Please reproduce the entries exactly, skipping each picture.

Dataset entries
Start of Block

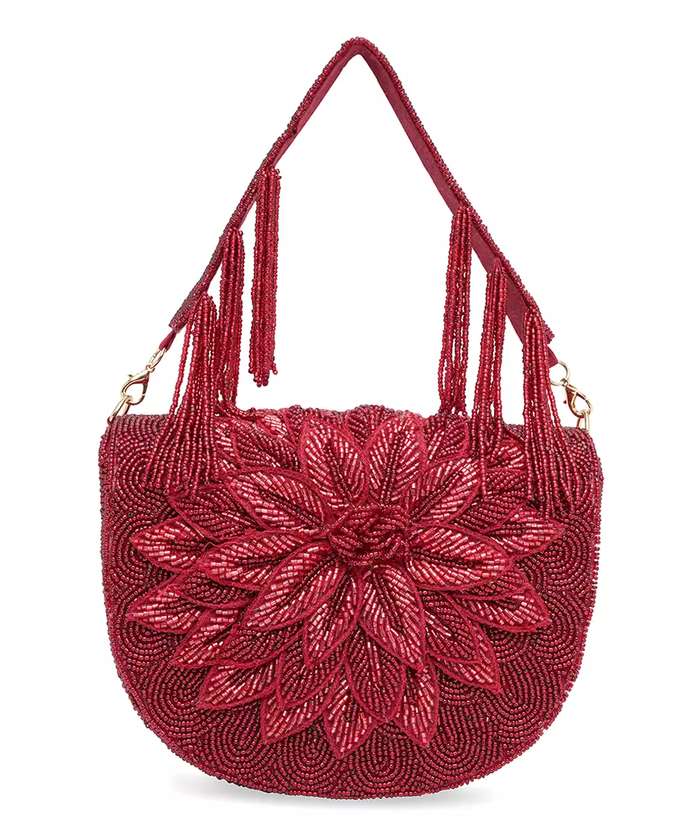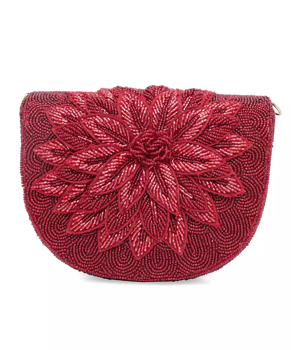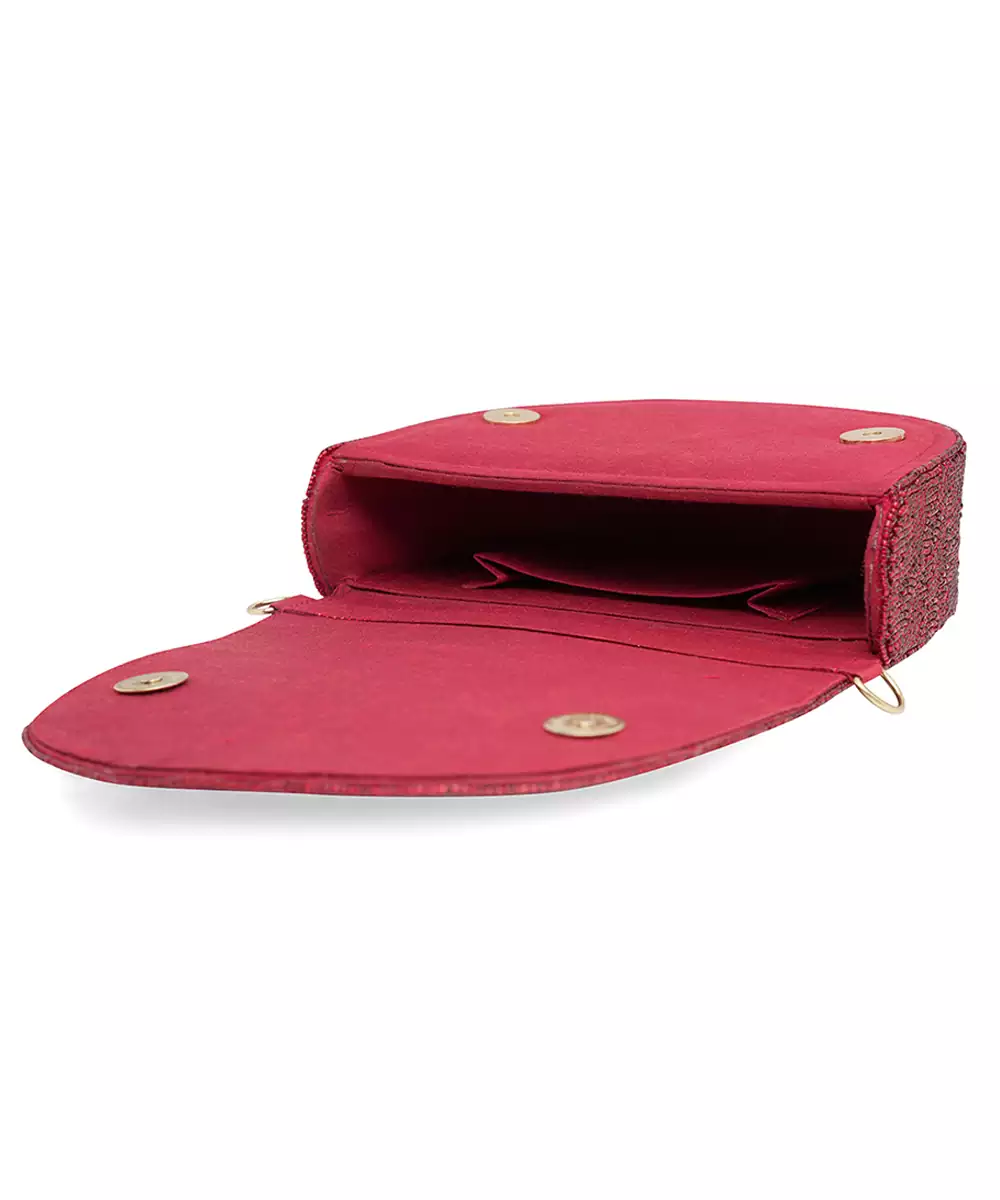 Deep Maroon Silk Base With Intricate Bead Embroidery And Tonal Embellishments. Foldover Silhouette With Button Closure And Wrist Loop For Graceful Carrying. One Main Compartment To Hold Essentials—Lipstick, Cards, Keys. Ideal For Bridal Edits, Festive Gifting, Or Evening Wear. Style Note: Pair With Beige Sarees, Gold Lehengas, Or Wine Toned Gowns For A Rich, Regal Accent.
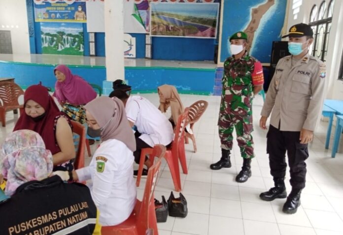 Natuna, SinarPerbatasan.com – Personel TNI-AD dari Koramil 08/Pulau Laut, Kodim 0318/Natuna, Serda S. Sembiring, turut melaksanakan pengamanan dan pengawasan, dalam pelaksanaan vaksinasi bagi siswa-siswi SDN 001 Air Payang dan masyarakat umum.
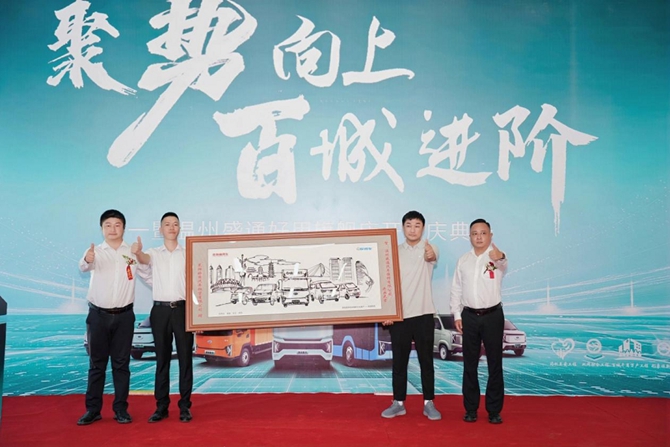 随后的交车仪式,宣告温州盛通租售业务正式启动。机器人手托钥匙礼盘稳健上台,为司机家人送上交车钥匙并进行走红毯交车仪式!
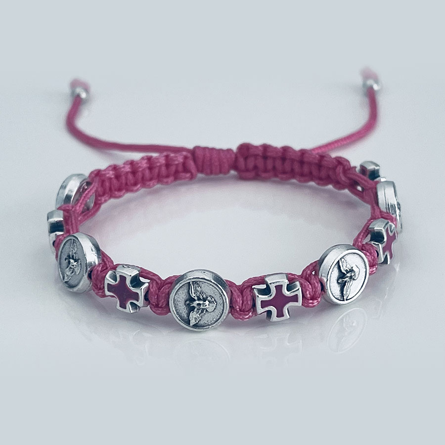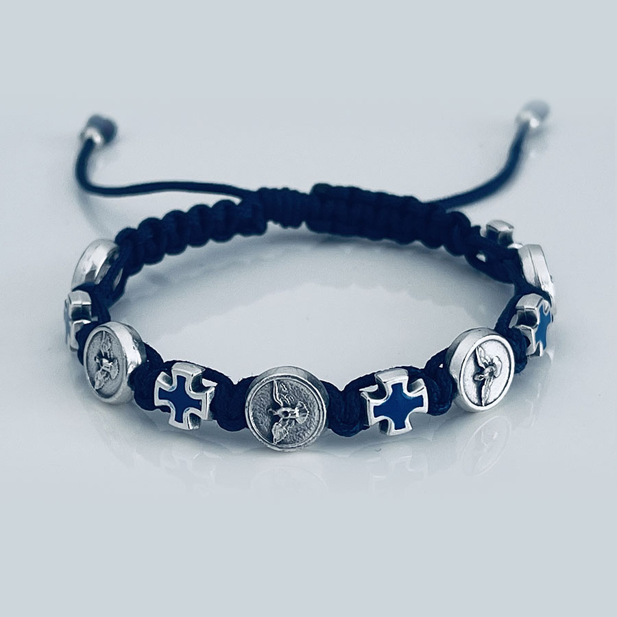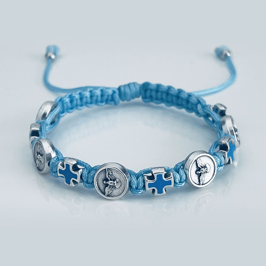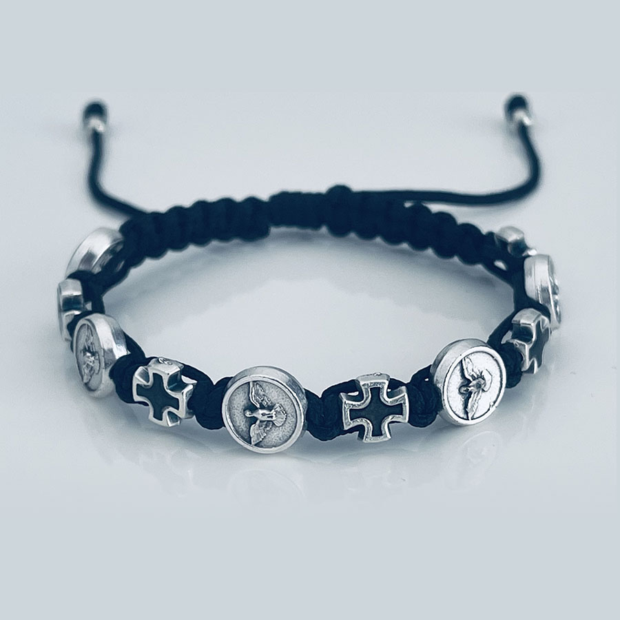 The beautiful bracelet from Međugorje. Each bracelet is handmade using 5 Holy Spirit – Dove and 5 Cross Italian beads. Bracelet can be adjusted from 14 cm to 26 cm (5,5″ to 10″), and this size fits most. They are beautiful medals that protects the person who is wearing it.
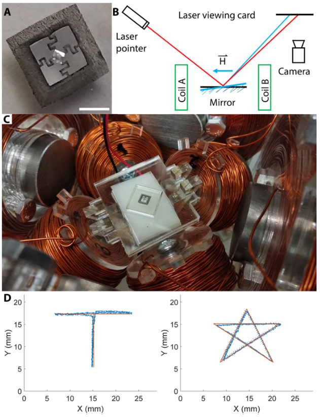 图7 用于激光转向的非受限型磁镜安装座。(A)镜架图,中间装有一个小镜子。该结构的磁化分布如图2L所示。比例尺:2mm。(B)激光转向实验示意图。(C)实验中使用的线圈系统。(D)激光的目标轨迹(橙色)和实验轨迹(蓝色)。T形和星形轨迹的跟踪频率分别为0.5Hz和0.2Hz。
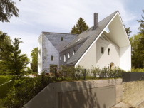 Die Bauherrenfamilie hatte zwei Wünsche: Der Eingangsbereich ihres Hauses sollte klar definiert und die Wohnfläche zur straßenabgewandten Seite nach Norden um ein Wohn-, ein Schlaf-, ein Badezimmer sowie Fitnessräume erweitert werden. Um zugleich geschützte Außenbereiche herzustellen, stülpten sie über das bestehende Walmdachhaus eine Hülle. Diese steht an beiden Seiten über und schafft die gewünschten Räume: Es ist ein für die Architekten typisches Wechselspiel aus Innen-, Außen- und Übergangsräumen entstanden. Der Abstand der Hülle zum Altbau ist je nach Nutzung unterschiedlich.
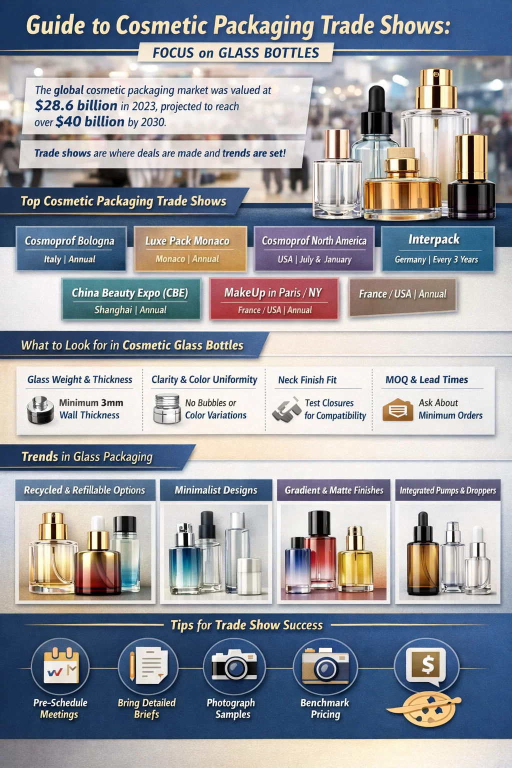 Se stai acquistando imballaggi per prodotti cosmetici, in particolare materiali di alta qualità come flaconi di vetro per cosmetici — partecipare alle fiere giuste è una delle decisioni più efficienti che puoi prendere. In un'unica sede, puoi confrontare centinaia di fornitori, gestire campioni fisici, negoziare direttamente i prezzi e costruire relazioni che richiedono mesi per essere replicate tramite e-mail. Il mercato globale del packaging cosmetico è stato valutato a circa 28,6 miliardi di dollari nel 2023 e si prevede che raggiungerà oltre 40 miliardi di dollari entro il 2030, secondo Grand View Research. Le fiere sono il luogo in cui prende forma una parte significativa di questo mercato: si stipulano accordi, si stabiliscono tendenze e si costruiscono reti di fornitori.

End of Block

→ ANSWER BOX
 Deep Maroon Silk Base With Intricate Bead Embroidery And Tonal Embellishments. Foldover Silhouette With Button Closure And Wrist Loop For Graceful Carrying. One Main Compartment To Hold Essentials—Lipstick, Cards, Keys. Ideal For Bridal Edits, Festive Gifting, Or Evening Wear. Style Note: Pair With Beige Sarees, Gold Lehengas, Or Wine Toned Gowns For A Rich, Regal Accent.
 Natuna, SinarPerbatasan.com – Personel TNI-AD dari Koramil 08/Pulau Laut, Kodim 0318/Natuna, Serda S. Sembiring, turut melaksanakan pengamanan dan pengawasan, dalam pelaksanaan vaksinasi bagi siswa-siswi SDN 001 Air Payang dan masyarakat umum.
 随后的交车仪式,宣告温州盛通租售业务正式启动。机器人手托钥匙礼盘稳健上台,为司机家人送上交车钥匙并进行走红毯交车仪式!
 The beautiful bracelet from Međugorje. Each bracelet is handmade using 5 Holy Spirit – Dove and 5 Cross Italian beads. Bracelet can be adjusted from 14 cm to 26 cm (5,5″ to 10″), and this size fits most. They are beautiful medals that protects the person who is wearing it.
 图7 用于激光转向的非受限型磁镜安装座。(A)镜架图,中间装有一个小镜子。该结构的磁化分布如图2L所示。比例尺:2mm。(B)激光转向实验示意图。(C)实验中使用的线圈系统。(D)激光的目标轨迹(橙色)和实验轨迹(蓝色)。T形和星形轨迹的跟踪频率分别为0.5Hz和0.2Hz。
 Die Bauherrenfamilie hatte zwei Wünsche: Der Eingangsbereich ihres Hauses sollte klar definiert und die Wohnfläche zur straßenabgewandten Seite nach Norden um ein Wohn-, ein Schlaf-, ein Badezimmer sowie Fitnessräume erweitert werden. Um zugleich geschützte Außenbereiche herzustellen, stülpten sie über das bestehende Walmdachhaus eine Hülle. Diese steht an beiden Seiten über und schafft die gewünschten Räume: Es ist ein für die Architekten typisches Wechselspiel aus Innen-, Außen- und Übergangsräumen entstanden. Der Abstand der Hülle zum Altbau ist je nach Nutzung unterschiedlich.
 Se stai acquistando imballaggi per prodotti cosmetici, in particolare materiali di alta qualità come flaconi di vetro per cosmetici — partecipare alle fiere giuste è una delle decisioni più efficienti che puoi prendere. In un'unica sede, puoi confrontare centinaia di fornitori, gestire campioni fisici, negoziare direttamente i prezzi e costruire relazioni che richiedono mesi per essere replicate tramite e-mail. Il mercato globale del packaging cosmetico è stato valutato a circa 28,6 miliardi di dollari nel 2023 e si prevede che raggiungerà oltre 40 miliardi di dollari entro il 2030, secondo Grand View Research. Le fiere sono il luogo in cui prende forma una parte significativa di questo mercato: si stipulano accordi, si stabiliscono tendenze e si costruiscono reti di fornitori.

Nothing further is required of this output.